You don't need better stories. You need to see that you're telling them. That's the whole move. Not rewriting. Recognising.
What story are you telling yourself right now?
In the first hour after waking, your brain is looking for one thing, light. Not lamp light, not screen light, but sky light. Ideally outside, ideally before 8am, ideally with your face turned up toward it. Your retina has dedicated receptors tuned specifically to this moment, feeding your master clock, suppressing residual melatonin, locking in the cortisol spike that determines your energy for the full day ahead. Glass filters roughly half of what you need. An open window gets you most of it. Outside gets you all of it. So get outside early. Get light in your eyes. It genuinely matters.
Are you tired, or misaligned?
See the situation you want. Allow the steps to form. Then take the next step. Be in it fully. Complete it. Step back.

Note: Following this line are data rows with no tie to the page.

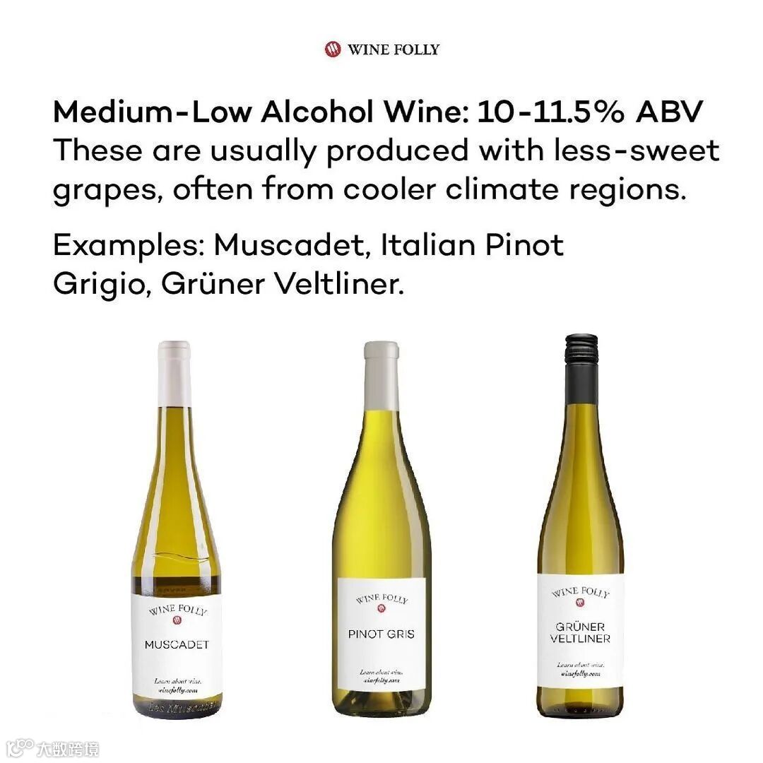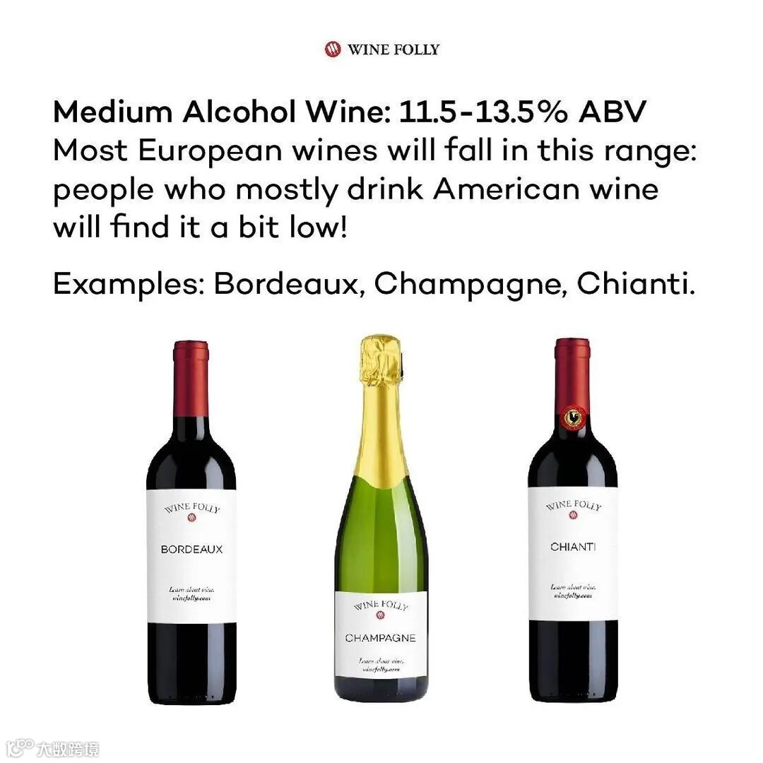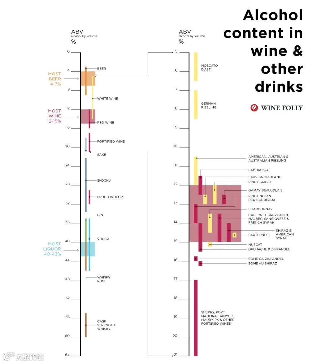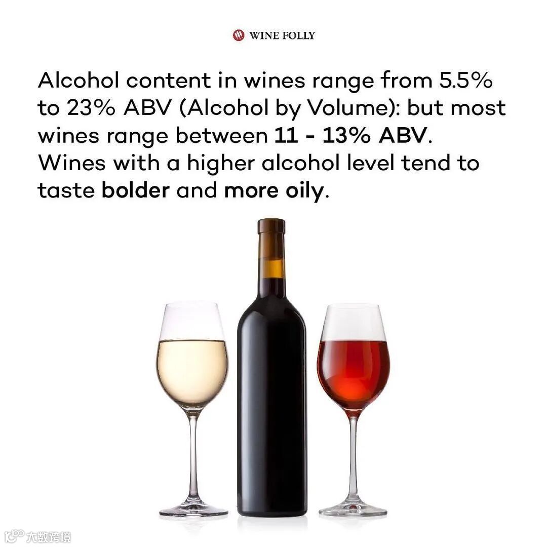 葡萄酒中的酒精含量从5.5%到23%:但大多数葡萄酒的酒精度在11-13%之间。
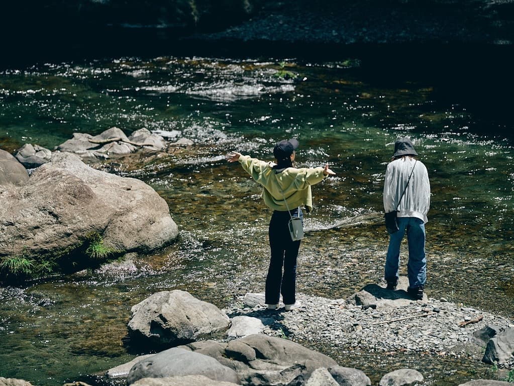 Travel upstream by private car, driving deep into Hinohara Village—the only remaining village in mainland Tokyo—surrounded by towering mountains and lush nature.
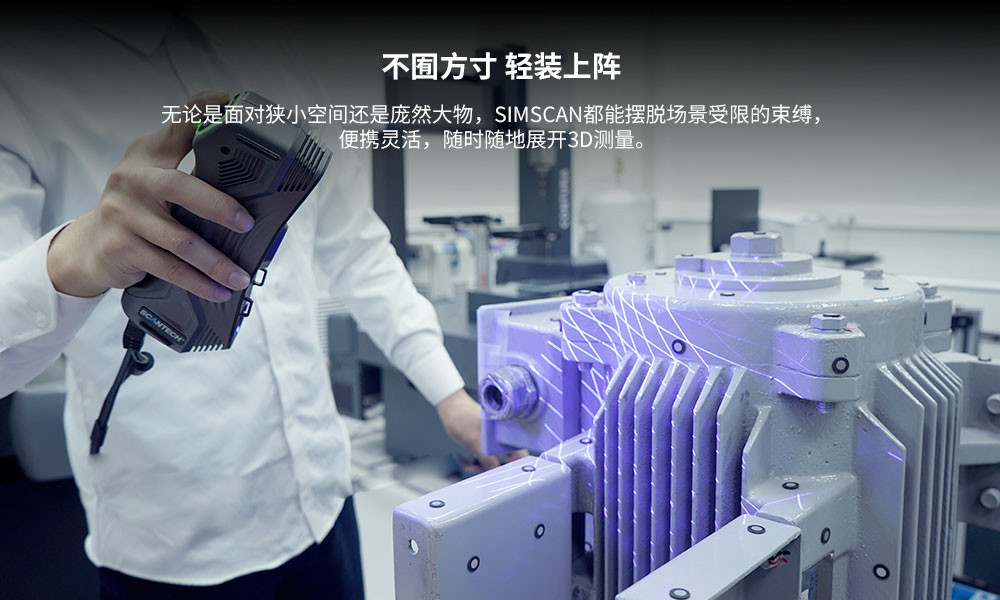 SIMSCAN轻巧便携,不受工作环境束缚,无论是在狭小空间中,还是面对庞然大物,都能随时随地展开3D测量。
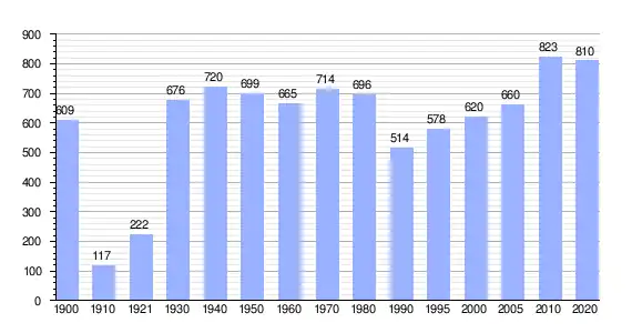 In 2020, it registered a population of 810 people, which corresponds to 4.28 % of the municipal population.[4] Of which 386 are men and 424 are women.[4] It has 1215 private inhabited homes.[4]

A good day is just a string of good steps. The day takes care of the week. The week takes care of the year. The year takes care of the situation.
Yesterday is gone, today is what matters.
Waiting is awareness with nothing to do. The construction can't stand it. It reaches for the phone. For a hit. Waiting is a park bench for the mind. We're all choosing to stand. Or worse, run around on the spot.
Willpower is clearing the decks. Doing the things that need doing so the space opens. The aligned action doesn't need forcing. It needs room. Willpower creates the room.
Zeroism is the practice. Clear everything. Be mostly space, occasionally action. The opposite of what most people run, which is mostly action, occasionally space.
Zeroism is nothing outstanding. Nothing pulling. The mind has nothing to track in the background so it settles. From that settled place, you act. One thing. Then back to zero. Then the next.
Every unfinished task is a background process. The mind tracks them whether you ask it to or not. Ten open loops is ten small drains running all day.
The most difficult action needs the most space. Free the space around it. Clear what's in the way. Give it room.
Open loops drain space. Zeroism closes them.